Between 1897 and 1899, after leaving the Western Australian Public Service, Shaw set up in partnership with architect E E Giles as a surveyor and engineer. From 1899 he was managing companies quarrying of building materials such as the Federal Quarrying Co. and the Granite Quarrying Co. In 1903 he founded and was editor of the Western Australian Mining, Building and Engineering Journal.
He travelled to Victoria to marry Annie Elizabeth Kate Cook at Hawthorn on February 28, 1904 and returned to Western Australia. His only child, Flora Mansfield Shaw, was born at Claremont on September 23, 1906.

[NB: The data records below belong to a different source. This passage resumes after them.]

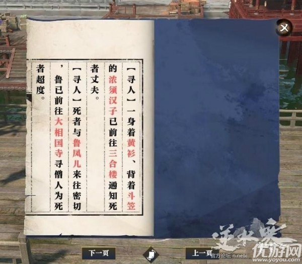 逆水寒汴河谜案任务怎么做,汴河谜案是游戏中的一大支线任务,相信不少小伙伴都还不清汴河谜案任务的玩法,别着急,小编这就为大家分享下逆水寒探索汴河谜案任务攻略解析,一起看看吧!逆水寒探索汴河谜案任务攻略解析首先我们先根据线索来到三合楼找到死者的丈夫吴大眼。(坐标709,389)询问过后在去大相国寺找到死
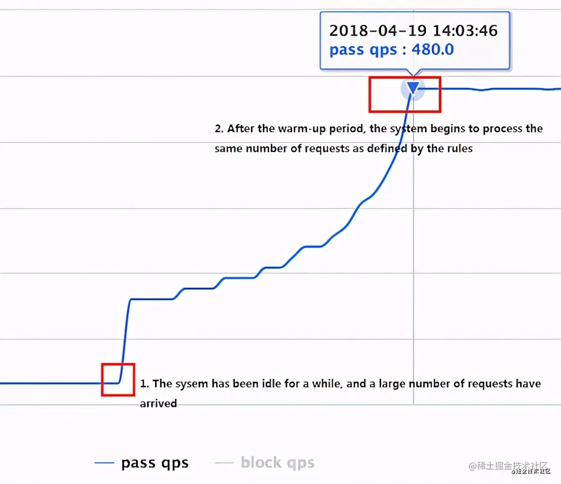 - Warm Up:设置为Behavior为CONTROL_BEHAVIOR_WARM_UP,类似之前guava中介绍的warmup。预热启动方式。当系统长期处于低水位的情况下,当流量突然增加时,直接把系统拉升到高水位可能瞬间把系统压垮。这个模式下QPS的曲线图如下:
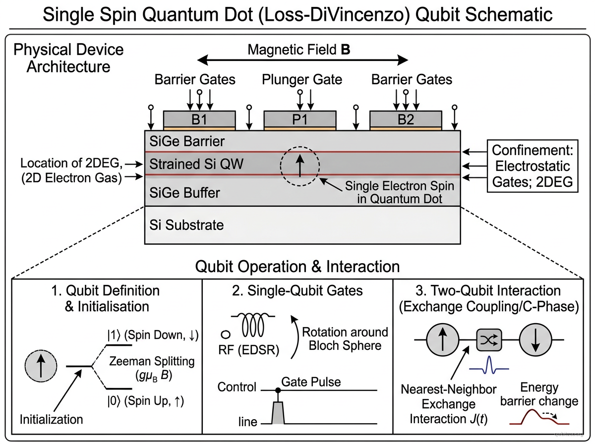 where is the tunneling matrix element and is the charging energy. Pulsing gives , which combined with single-qubit Z-rotations (via local magnetic fields) forms a universal gate set. Spin coherence times are inherently longer than charge coherence times since spin is insensitive to electric field fluctuations.

In 1904 he was elected as Secretary of the Builders and Contractors Association. He was again elected as the Secretary of the Builders and Contractors Association in 1908, a position he then held continuously until he resigned in 1924, giving outstanding service to the association.
Walter Shaw was a key figure in the formation of the Western Australian Institution of Engineers (WAIE), taking on the role of acting secretary at the foundation meeting convened on July 16, 1909. Shaw canvassed engineers in WA at the time, and showed that over one hundred of them would join a broader engineering body. He assisted with developing rules and a constitution, and these were adopted unanimously at the inaugural meeting of the new body on October 5, 1909.
Shaw’s importance in the formation of the WAIE is reinforced by the fact that the inaugural meeting, scheduled for September, was delayed to October 5 so that he could attend. WAIE was formally incorporated on November 6, 1911 after W B Shaw advertised widely during August 1911. Shaw held the position of Secretary of WAIE from 1909 to 1919.
In January 1910 Shaw was invited to a formation meeting on the Institution of Surveyors to advise on the incorporation process. He was subsequently elected Secretary and filled that role from 1910 to 1918. Shaw was also a foundation member of the Town Planning Association of WA when it was formed in 1916 and was elected to its inaugural council.
In 1916 Walter Shaw was concurrently Secretary of WAIE, Secretary of the Builders and Contractors Association WA, Secretary of the Institution of Surveyors WA, Secretary of the Associated Societies and Arts, and Councillor of the Town Planning Association of WA.
W B Shaw and H T Haynes from WAIE were members of the Institution of Engineers Australian Provisional Council that met in Sydney in May 1918 to help form the national engineering association.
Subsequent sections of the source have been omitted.